When I do a regular while loop like this

int x = 0;

while (x < 2) {
      System.out.println(x);
      x = x + 1;
}

it prints

0
1

but this second while loop runs one more time after the condition is met.

class Hobbits {
String name;

public static void main(String [] args) {

    Hobbits [] which = new Hobbits[3];

    int number = -1;

    while (number < 2) {

        number = number + 1;

        which[number] = new Hobbits();

        which[number].name = "bilbo";

        if (number == 1) {
            which[number].name = "frodo";
        }

        if (number == 2) {
            which[number].name = "sam";
        }

        System.out.print(which[number].name + " is a ");
        System.out.println("good Hobbit name");

    }
}
}

so the result is

bilbo is a good Hobbit name
frodo is a good Hobbit name
sam is a good Hobbit name

shouldn't it stop printing at "frodo is a good Hobbit name"

I set the condition for x < 2 so how does "sam" print if the while loop was supposed to stop at x == 1?

Edit: ohhh I get it now lol I was thinking like the increment was at the end of the code and the start was 0

Answer 1

There's nothing wrong in that behaviour. You set number = -1 and then you do a loop that will iterate while number < 2. So, -1, 0 and 1. Three iterations. What's the problem? Let's do a simple trace:

number = -1
(-1 < 2)? Yes. Execute code inside while.
number = number + 1 (0)
(0 < 2)? Yes. Execute code inside while.
number = number + 1 (1)
(1 < 2)? Yes. Execute code inside while.
number = number + 1 (2)
(2 < 2)? No. Continue with the next instruction after the while block.

Answer 2

Because you have 3 iterations that are true:

• -1 < 2 == true
• 0 < 2 == true
• 1 < 2 == true
• 2 < 2 == false

Cheers

Answer 3

I will try to trace through it for you.

First case this is what happens.

x = 0
is 0 < 2? yes
print 0
0 <- 0 + 1   // here it becomes 1

is 1 < 2? yes
print 1
1 <- 1 + 1  // here it becomes 2

is 2 < 2? no

exit program

second loop works a bit more like this

number = -1
is number < 2? yes
number <- -1 + 1    // here it becomes 0
make hobbit "bilbo" at index 0
0 does not equal either 1 or 2
print hobbit at index 0 who is "bilbo"

is 0 < 2? yes
0 <- 0 + 1    // here it becomes 1
number equals 1 so make "frodo" at index 1
print hobbit at index 1 who is "frodo"

is 1 < 2? yes
1 <- 1 + 1  // becomes 2
number equals 2 so make "sam" at index 2
print hobbit at index 2 who is "sam"

is 2 < 2? no
end program

Answer 4

you can solve this easily with replace

int number = -1;

to

int number = 0;

Because! -1 + 1 = 0;

Answer 5

Here's your test case more closely matching your code:

class Test {
  public static void main(String[] args) {
    int x = -1;

    while (x < 2) {
      x = x + 1;
      System.out.println(x);
    }
  }
}

It does indeed print:

$ java Test
0
1
2

Your loop is not designed to stop when number is 2, it's designed to stop before the next iteration if the number is 2. Since you increment number early on in the loop, it will continue with that value until it's time to choose whether to iterate again.

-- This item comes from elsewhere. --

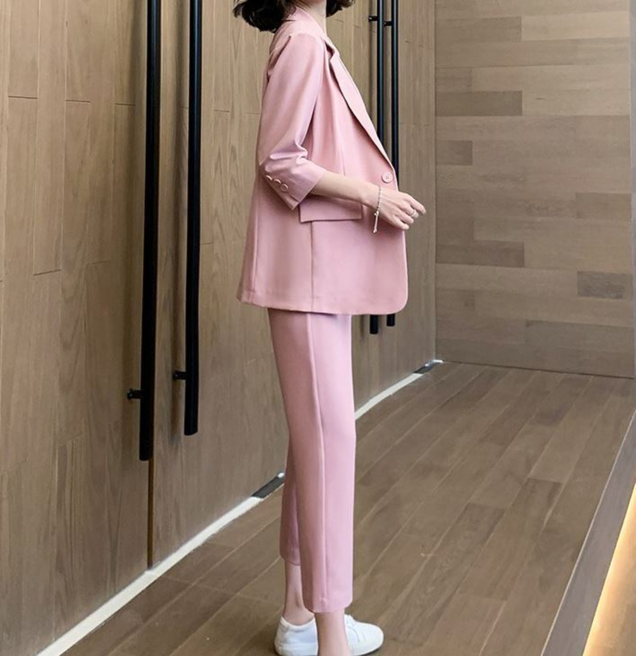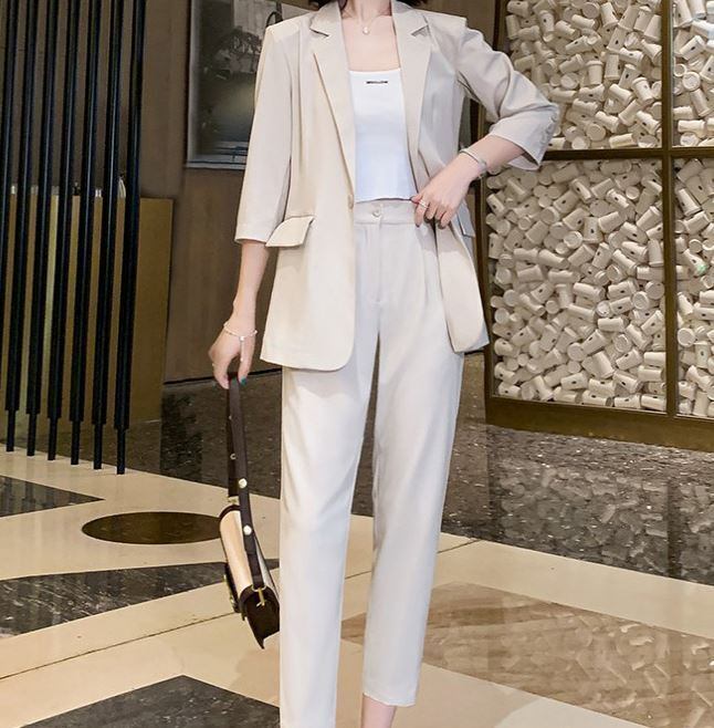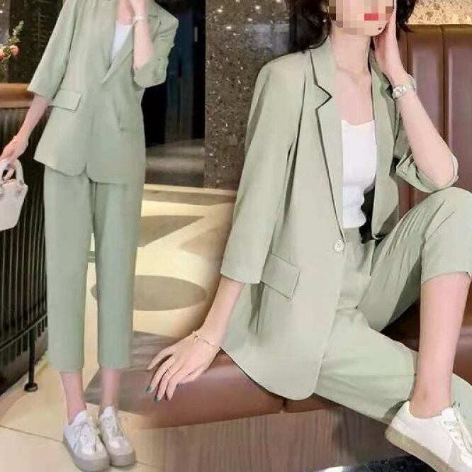 セットアップ スーツ パンツ ボトムス ジャケット シングルブレスト 長袖 ロング アンクル丈 ワンタック ハイウエスト クロップパンツ ストレート 襟付き Vネック レトロ ビッグシルエット 韓国 スリム タイト きれいめ 高品質 大人 上品 ストレートパンツ フォーマル 秋 オータム 冬 ウィンター レディース 女性用 20代 30代 S M L XL 黒 ブラック 緑 大人カラー 秋カラー フェミニン オフィス プロフェッショナル エレガント OL ピンク ベージュ ブラック グリーン

• Before the first iteration, number = -1 which is <2 so it should iterate.

• Before the second iteration, number = 0, which is <2 so iterate.

• Before the third iteration, number = 1, which is <2 so iterate.

• Before the fourh iteration, number = 2, which is NOT <2 so stop.

You therefore get 3 iterations.

Your original test case had the right idea -- it's better to increment as the last step in the loop. That way, you start at 0 instead of -1, and you stop the loop based on the new value rather than the previous value.